Costs – Whilst a SCF facility can provide cash flow benefits (as close to 100% of the supplier’s invoice is paid), this can leave the buyer eligible for early payment discounts that can eat into the suppliers’ margins.
Withdrawal risk – An invoice finance provider will offer a minimum commitment term to suppliers, whereas an SCF facility can be withdrawn with little notice to the suppliers as the lending relationship is between the buyer and the lender. If the buyer has its SCF facility withdrawn, the supplier could seek to discount the invoices with its own invoice finance provider, but this will typically see a reduction in funding and a potential risk of “double funding” for the lenders.
Drawbacks to SCF
From an accounting perspective, one of the most controversial aspects of SCF is that substantial amounts of lending do not have to be classified as debt. This type of accounting can be optically problematic, and in the case of Carillion shortly prior to its collapse in 2018, up to £500m of debt due its SCF lender was categorised as trade payables, whereas loans and overdrafts on the balance sheet were reported in the region of only £150m. It is arguable that this accounting treatment masked Carillion’s true overall debt levels and understating its gearing, in turn enhancing the appearance of Carillion’s balance sheet.
The post-mortem of Carillion’s downfall disclosed that payment terms with its suppliers were an average of 120 days (this was also the terms on which the SCF lender was repaid). In December 2017, Carillion’s SCF facility was withdrawn. The liquidity effect for Carillion and its supply chain was disastrous, resulting in the almost immediate failure of the construction company and terminal collateral damage through its supplier network.
Carillion is just one example. There is a plethora of examples of similar failures which has brought the subject of SCF regulation into sharper focus. It is widely reported that the accounting treatment ought to be revised given the debt-like features of SCF, to report the true nature of the borrower’s indebtedness. As the access to SCF is diverse through digitalisation and fintech’s, there have also been calls for a wider interrogation and formalisation of SCF lending across the board.
The road ahead
Given the economic slowdown due to Covid-19, it is widely publicised that demand for SCF has soared to combat liquidity contraction. With SCF seemingly becoming more popular, this may be a symptom of management teams prioritising cash flow headroom over short-term profit.
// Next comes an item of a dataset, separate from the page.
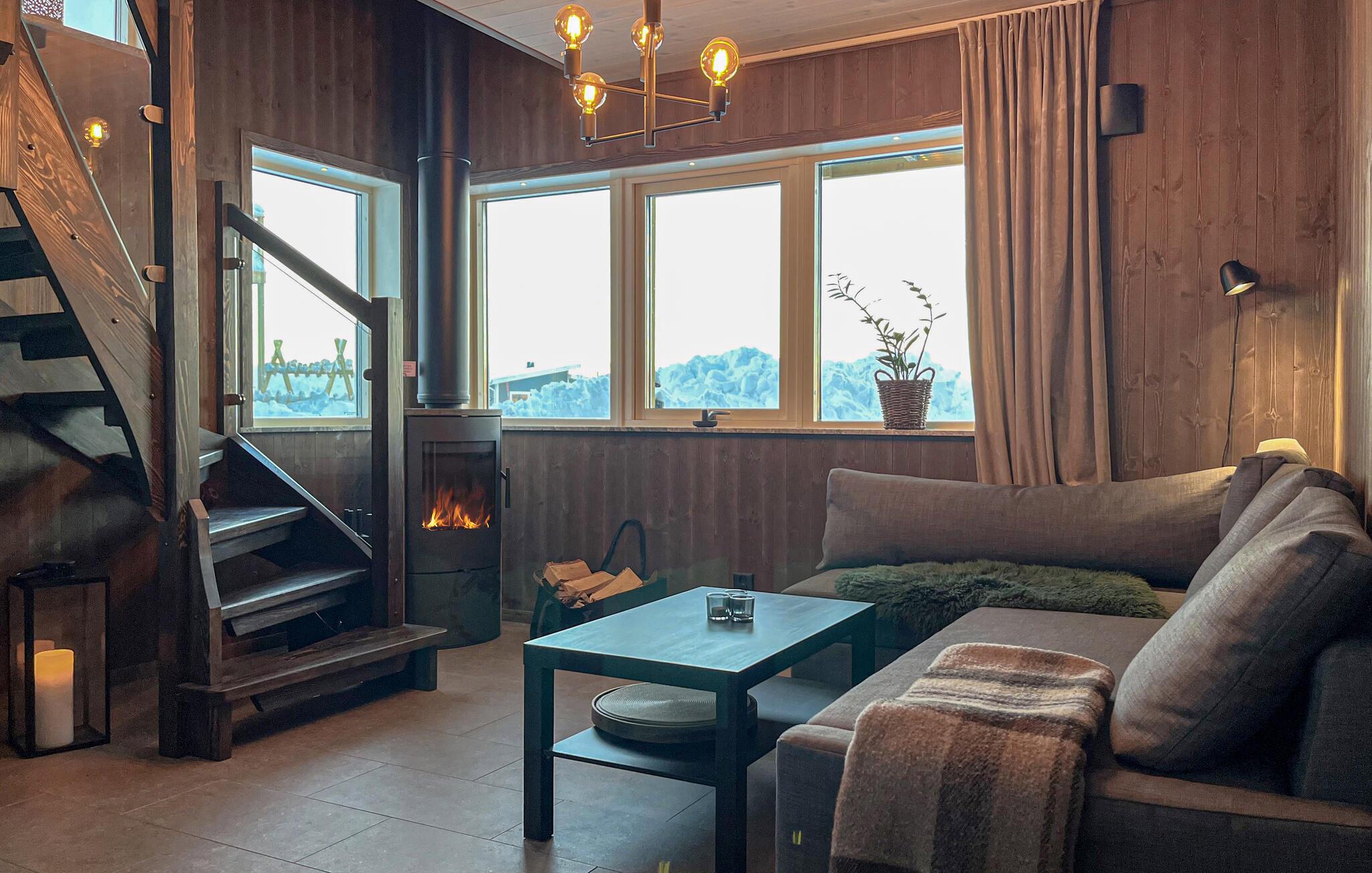 Dieses schöne Holzhaus ist wie geschaffen für Ruhe und Erholung. Das viele Holz sorgt für eine wohltuende Atmosphäre, auf der großen Sofalandschaft können Sie nach einem langen Tag in der Natur ausruhen und in der praktischen Küche lassen sich unkompliziert gesunde Mahlzeiten zubereiten. An kühlen Tagen entzünden Sie den Kaminofen oder nehmen eine Wärmebad in der Sauna.

However, SCF may be being used as a sticking plaster where more acute structural challenges exist.
An SCF facility is only as strong as its lender and its borrower. Covid-19 has left a damaging imprint on many of the strongest of pre-pandemic debtor covenants and as the ongoing economic uncertainty continues, the lasting longer-term impact on the users and purveyors of SCF remains unclear.
The saying “a chain is only as strong as its weakest link” speaks volumes, and as recent history has shown, if the SCF train derails, the resultant pile-up will bring widespread casualties.